= National Birth Defects Prevention Network =

The National Birth Defects Prevention Network (NBDPN) was founded in 1997. It is a 501(c)3 not-for-profit volunteer organization whose members are involved in birth defects surveillance, prevention and research. It was created with help from the Centers for Disease Control and Prevention to establish and maintain a national network of state and population-based programs for birth defects surveillance and research. The NBDPN is committed to the primary prevention of birth defects and improvement of outcomes for children and families living with birth defects through the use of birth defects surveillance data for research, program planning, and program evaluation. NBDPN members include public health officials, epidemiologists, academics and parents.

== Annual meeting ==
In early spring (late February or early March) of each year, NBDPN's members, partners and international colleagues gather together at NBDPN's annual meeting. Featured presentations and a variety of breakout sessions are scheduled to appeal to a diverse audience and cover birth defects surveillance, research, and prevention issues. Also on the annual meeting agenda are sessions designed to encourage information sharing and networking, such as poster presentations and exhibits.

== Annual Report ==
The NBDPN publishes its annual report in December Issue of the Journal of Birth Defects Research Part A (BDRA). The annual report has two parts: 1) a series of articles relating to various issues in surveillance, epidemiology, and the application of surveillance data to birth defects prevention and public health programs, and 2) statistical data from population-based surveillance programs across the United States.

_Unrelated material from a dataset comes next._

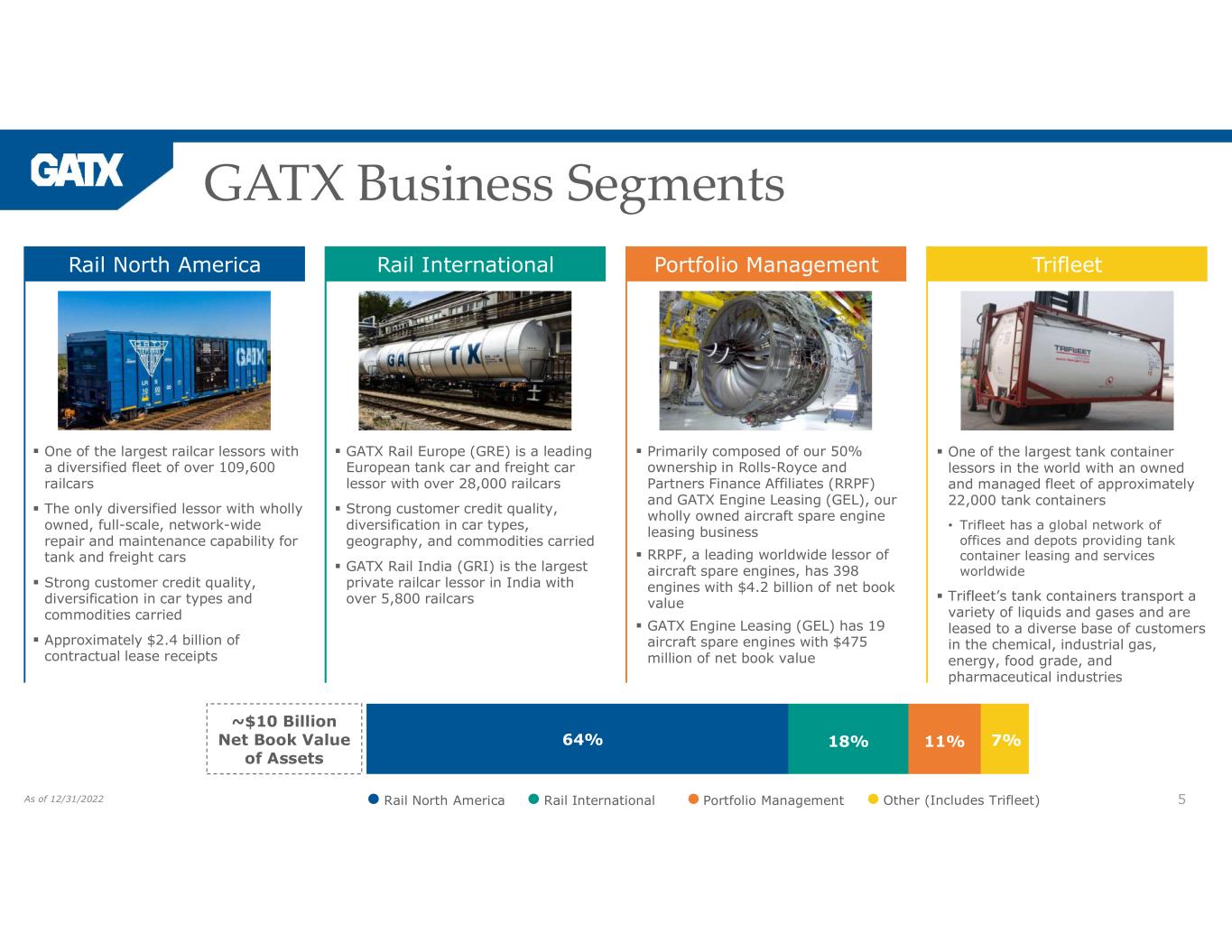 Established as railcar lessor with 28 railcars -Year History 4 1898 1907 1919 1920 1936 1984 1994 1998 2003 2012 2020 2022 Began manufacturing railcars Initiated quarterly dividend Began listing on the NYSE Began rail investment in Canada Exited railcar manufacturing Began rail investment in Europe & Mexico Formed Rolls-Royce & Partners Finance Affiliates (RRPF) Acquired 100% ownership in European rail joint venture & formed GATX Rail Europe (GRE) Began rail investments in India Acquired Trifleet, one of the largest tank container lessors globally $10B in assets & ~144K wholly owned railcars worldwide* Bob Lyons became 8th CEO in GATX history As of 12/31/2022

Previous reports were published as Teratology in 1997 and 2000–2002 and in BDRA since 2003. Additionally, the Spring issue of the Journal of Registry Management publishes articles on birth defects surveillance from NBDPN members and others on an annual basis.

== Collaborative Projects ==
The NBDPN helps facilitate collaborative projects that utilize data from state birth defects registries. Publications from some of these projects have been cited many times in the literature and during presentations. The list of publications resulting from the collaborative projects conducted by the NBDPN members can be found at NBDPN's website.